A number of recent studies of neural network dynamics have analysed the relationship between the direction of inputs and the magnitude of responses they evoke (51, 55, 56). However, these studies focused on networks with transient dynamics, such as those relevant for perception (55), or motor control (51, 56). In particular, ref. (56) found that optimal inputs (resulting in the largest transients) are typically near-orthogonal to the activity patterns that the network expresses in response to them, providing a normative account for the experimentally observed orthogonality of preparation and execution subspaces in motor cortex (57). Our work suggests that the use of optimal inputs to drive network dynamics, and the orthogonality of those inputs to network responses, is a more general principle of cortical circuits, extending beyond the motor cortex. In particular, our results demonstrate the importance of optimal initialization even when the transients following initialization themselves may be irrelevant, as information is ultimately maintained by stable attractor states.

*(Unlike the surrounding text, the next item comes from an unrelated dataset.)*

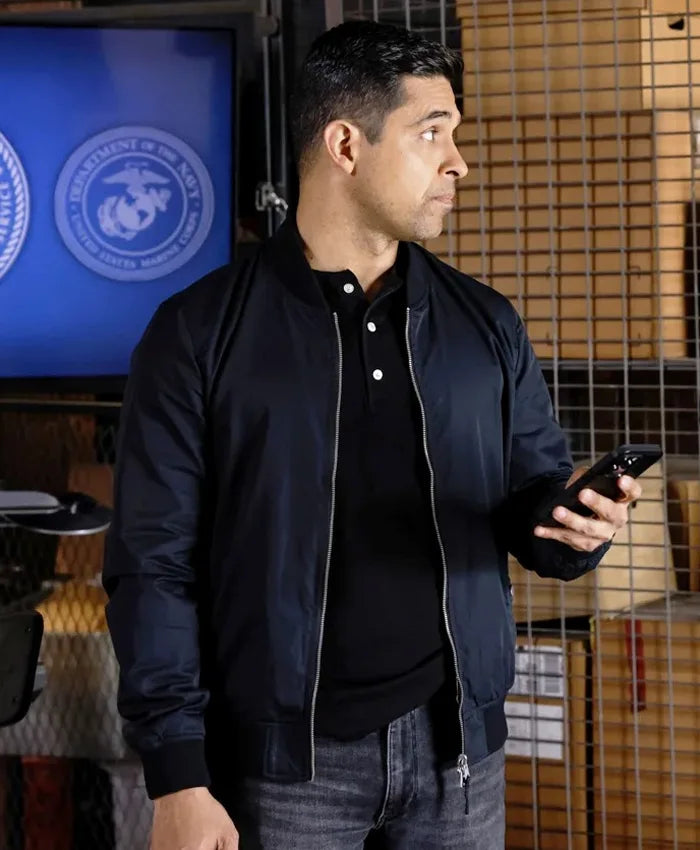 Elevate your outerwear with the iconic blue bomber jacket worn by Wilmer Valderrama as Nick Torres in *NCIS* Season 22. Made from high-quality satin fabric, this jacket features a soft viscose lining for added comfort and a polished finish. The rib-knitted collar, cuffs, and hemline enhance its sporty look, while the zip-up front and practical pockets offer both function and fashion. Perfect for fans and style-savvy individuals alike.
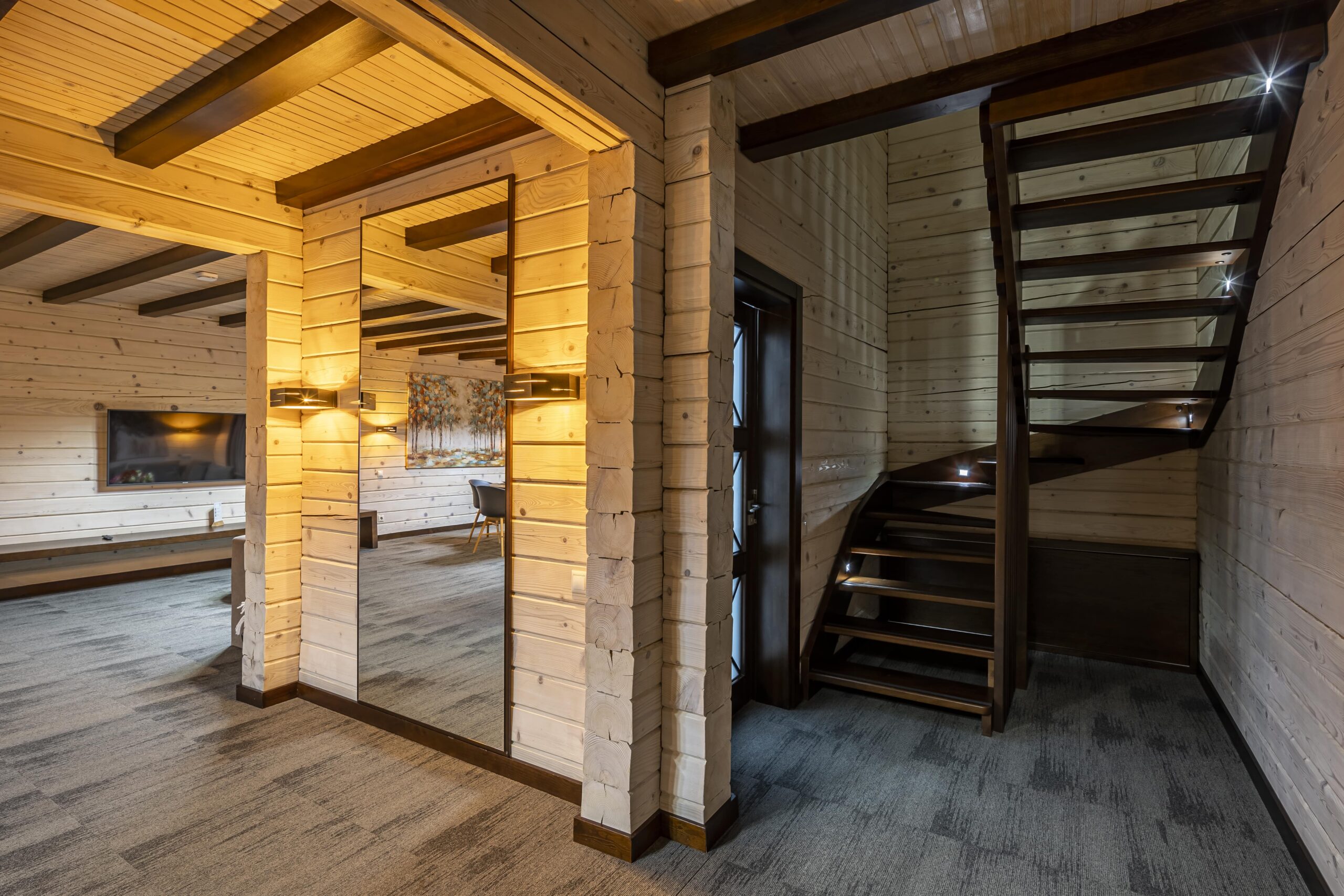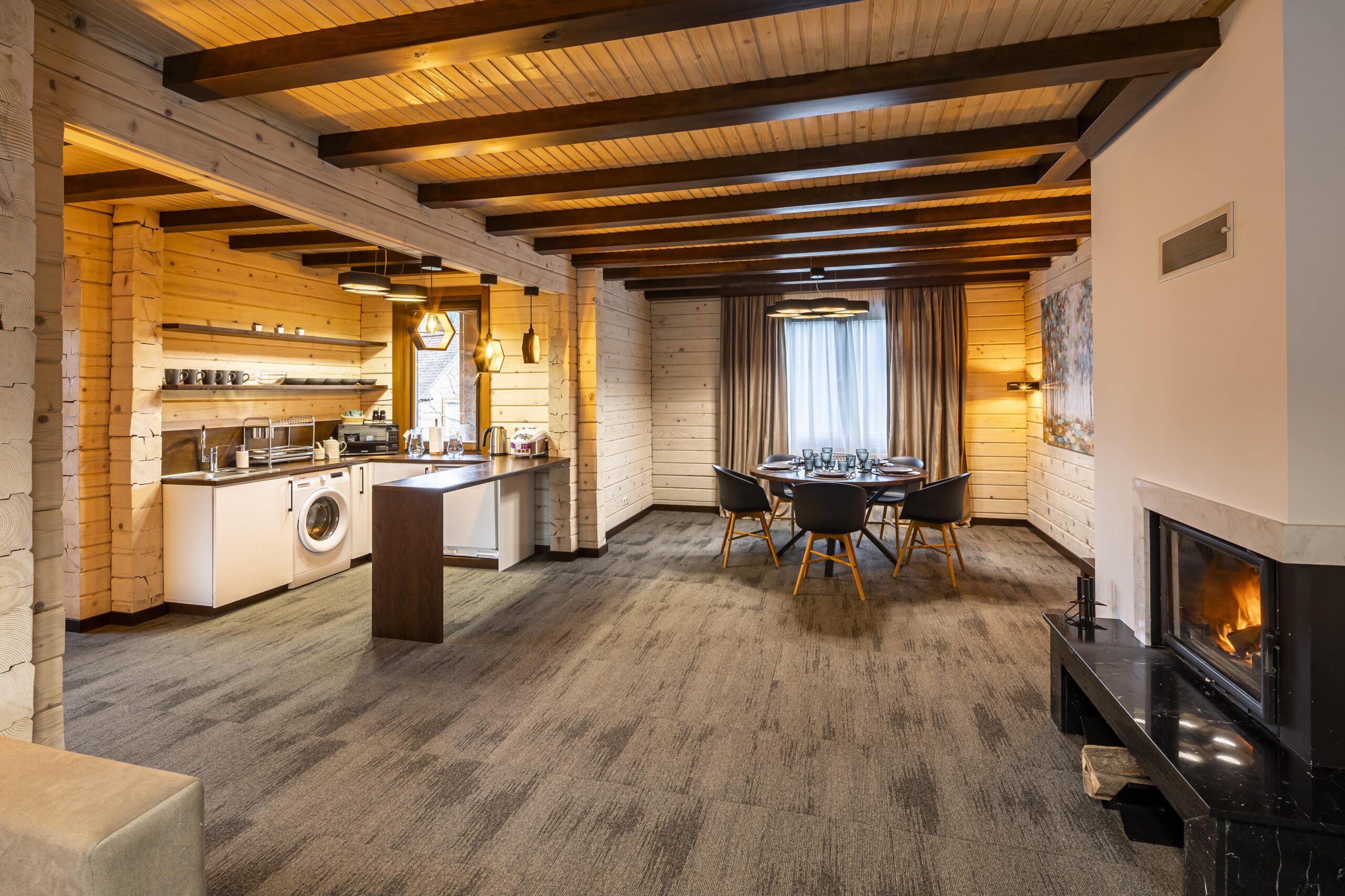 На першому поверсі розташована кухня-студія з великим обіднім столом та необхідним обладнанням для приготування улюблених страв. Поруч велика вітальня з каміном, телевізором та розкладним диваном, яка облаштована для Ваших затишних сімейних вечорів та відпочинку в дружньому колі. Також на першому поверсі знаходиться санвузл з душовою кабінкою, туалетом та умивальником.

We predict that optimal initial neural activities, which are aligned with the most amplifying modes, should also align strongly with the slowest or most persistent modes for tasks without a delay period, such as during perceptual decision-making (Figs. 3C and 6B). Evidence for this regime has been found in the mouse visual cortex for such a task (55): a Henrici’s index of approximately was reported (c.f. the 0.8 Henrici’s index in our data), implying the absence of strongly non-normal dynamics and thus a strong overlap between amplifying and persistent modes. In contrast, for brain regions involved in working memory, we predict that optimal information loading should result in distinct amplifying and persistent modes, thus leading to an initial period of dynamic neural activities (aligning with the amplifying modes) followed by more stable neural activities later in the delay period (aligning with the persistent modes). In line with this, a similar combination of dynamic and stable coding that we observed here has also been observed during working memory tasks in both monkey (64, 65) and mouse (36) posterior parietal cortex as well as monkey orbitofrontal and anterior cingulate cortices (8, 19).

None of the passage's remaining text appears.